*Problem to solve*:
All lines in the records below from the line with "精神保健医療福祉の今後の施策推進に関する検討会(第12回 12/1)《厚生労働省》 |" through the line with "給各位貴賓來一趟叢林之旅,首" are to be given again exactly, both ends included; the pictures are to be left out.

*Exercise inputs*:
---
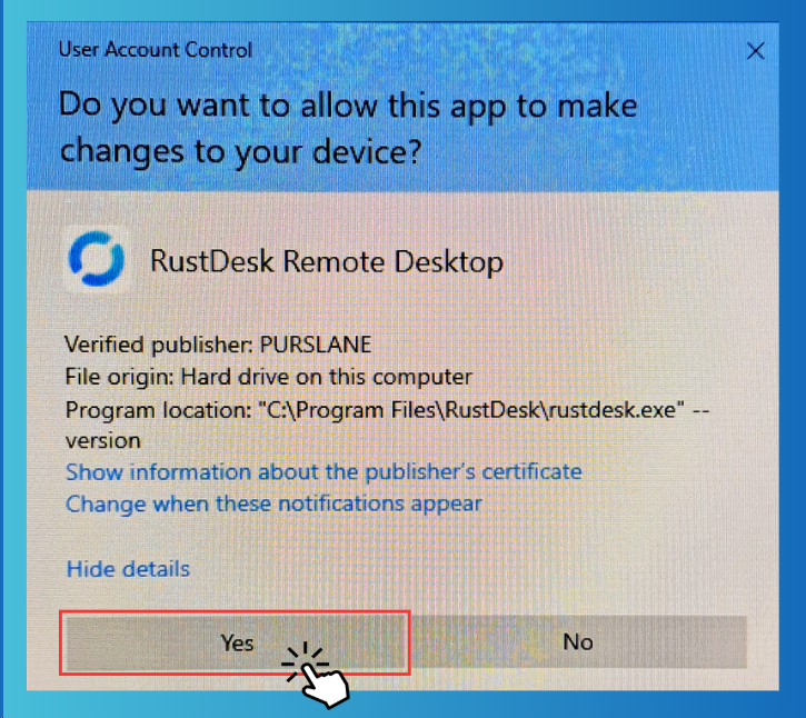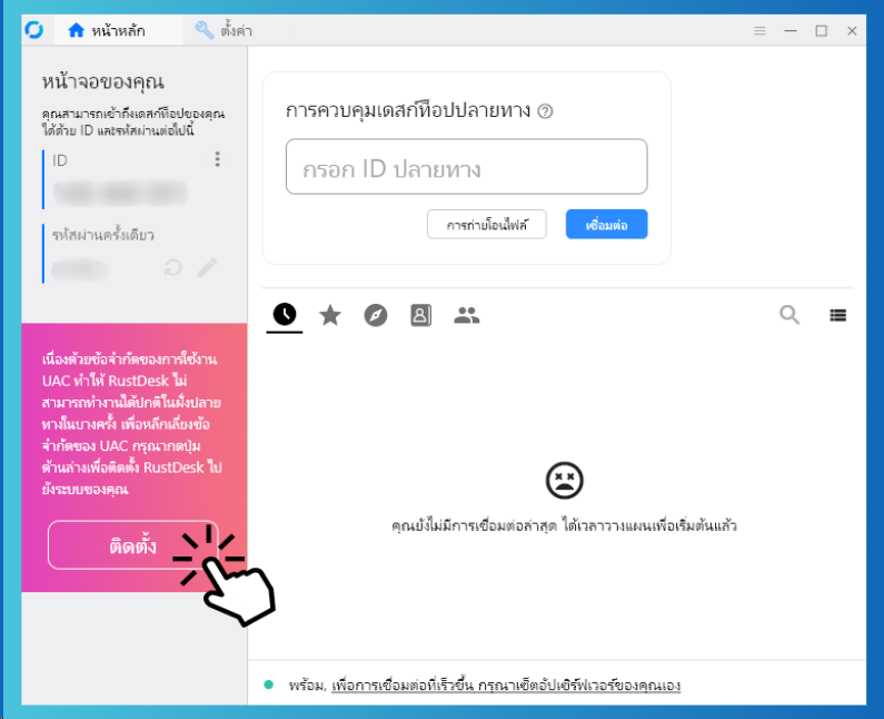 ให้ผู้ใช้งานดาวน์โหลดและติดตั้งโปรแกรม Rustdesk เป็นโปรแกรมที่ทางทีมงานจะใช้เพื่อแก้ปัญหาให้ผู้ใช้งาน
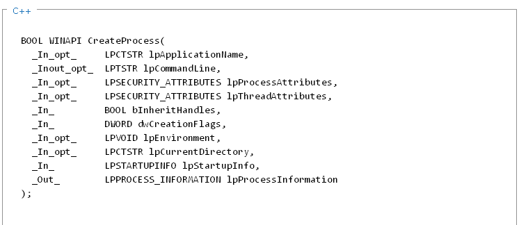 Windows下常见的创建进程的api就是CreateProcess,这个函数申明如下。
---
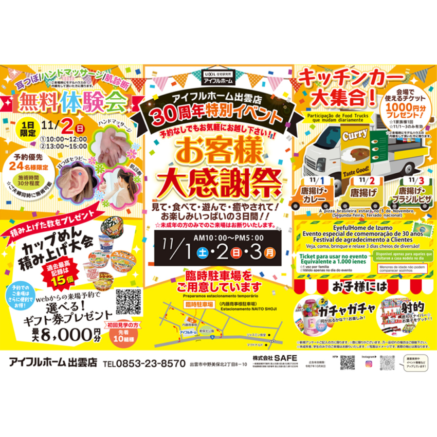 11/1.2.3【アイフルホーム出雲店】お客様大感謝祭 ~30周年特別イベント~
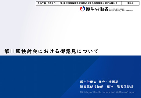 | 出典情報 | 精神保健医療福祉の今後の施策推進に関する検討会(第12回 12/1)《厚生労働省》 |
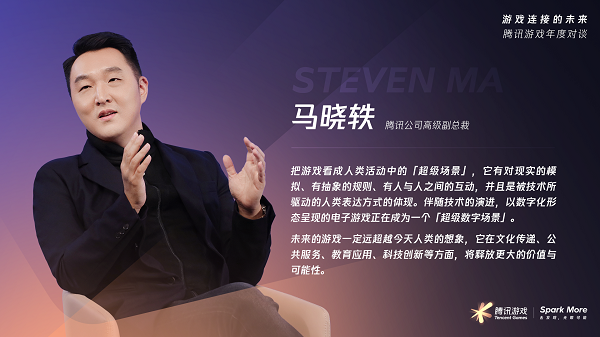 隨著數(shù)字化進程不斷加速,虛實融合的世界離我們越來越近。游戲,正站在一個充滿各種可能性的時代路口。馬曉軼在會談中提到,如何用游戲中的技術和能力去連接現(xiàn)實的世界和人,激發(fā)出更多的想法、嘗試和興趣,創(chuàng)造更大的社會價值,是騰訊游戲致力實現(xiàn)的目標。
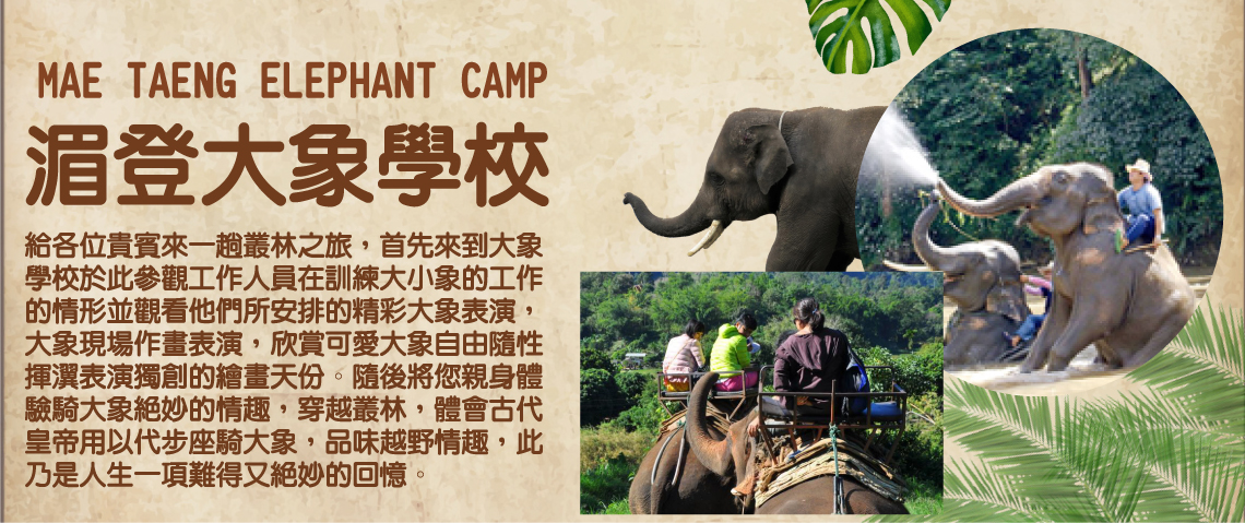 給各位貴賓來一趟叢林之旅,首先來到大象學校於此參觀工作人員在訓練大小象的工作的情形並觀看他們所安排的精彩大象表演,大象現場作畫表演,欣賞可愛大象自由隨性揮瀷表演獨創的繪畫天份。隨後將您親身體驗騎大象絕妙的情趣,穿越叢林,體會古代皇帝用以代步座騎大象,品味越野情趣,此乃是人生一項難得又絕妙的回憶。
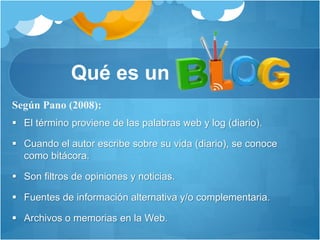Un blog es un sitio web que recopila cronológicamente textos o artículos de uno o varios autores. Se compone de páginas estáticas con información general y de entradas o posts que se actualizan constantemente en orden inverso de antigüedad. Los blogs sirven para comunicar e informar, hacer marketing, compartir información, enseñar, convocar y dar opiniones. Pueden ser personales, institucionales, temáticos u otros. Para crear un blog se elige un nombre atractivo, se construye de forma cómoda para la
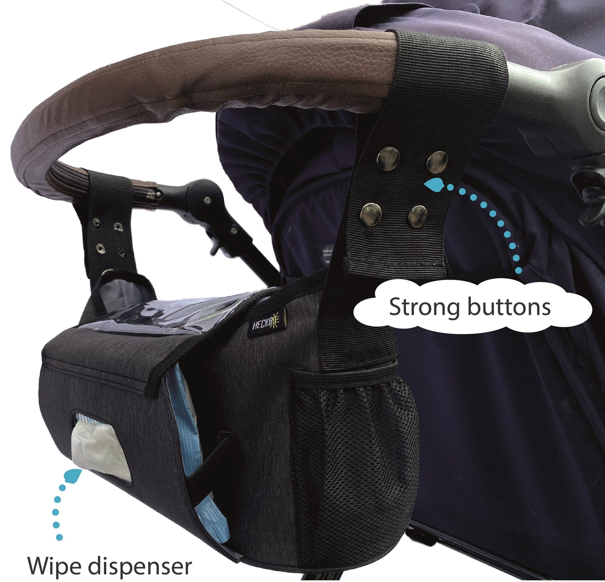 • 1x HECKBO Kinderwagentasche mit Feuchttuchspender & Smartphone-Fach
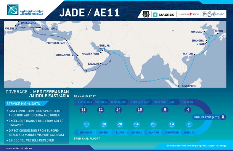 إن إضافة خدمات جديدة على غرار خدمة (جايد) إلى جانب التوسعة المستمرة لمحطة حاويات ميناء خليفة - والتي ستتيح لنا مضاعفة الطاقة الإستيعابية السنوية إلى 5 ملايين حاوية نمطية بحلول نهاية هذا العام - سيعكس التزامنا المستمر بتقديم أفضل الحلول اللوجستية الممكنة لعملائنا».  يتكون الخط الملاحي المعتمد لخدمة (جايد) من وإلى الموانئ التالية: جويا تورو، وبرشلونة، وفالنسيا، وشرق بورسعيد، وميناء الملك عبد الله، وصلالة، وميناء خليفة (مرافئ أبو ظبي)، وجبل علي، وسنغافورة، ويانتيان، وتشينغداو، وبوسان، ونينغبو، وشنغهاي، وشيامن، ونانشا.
---
*Response box*:
 | 出典情報 | 精神保健医療福祉の今後の施策推進に関する検討会(第12回 12/1)《厚生労働省》 |
 隨著數(shù)字化進程不斷加速,虛實融合的世界離我們越來越近。游戲,正站在一個充滿各種可能性的時代路口。馬曉軼在會談中提到,如何用游戲中的技術和能力去連接現(xiàn)實的世界和人,激發(fā)出更多的想法、嘗試和興趣,創(chuàng)造更大的社會價值,是騰訊游戲致力實現(xiàn)的目標。
 給各位貴賓來一趟叢林之旅,首先來到大象學校於此參觀工作人員在訓練大小象的工作的情形並觀看他們所安排的精彩大象表演,大象現場作畫表演,欣賞可愛大象自由隨性揮瀷表演獨創的繪畫天份。隨後將您親身體驗騎大象絕妙的情趣,穿越叢林,體會古代皇帝用以代步座騎大象,品味越野情趣,此乃是人生一項難得又絕妙的回憶。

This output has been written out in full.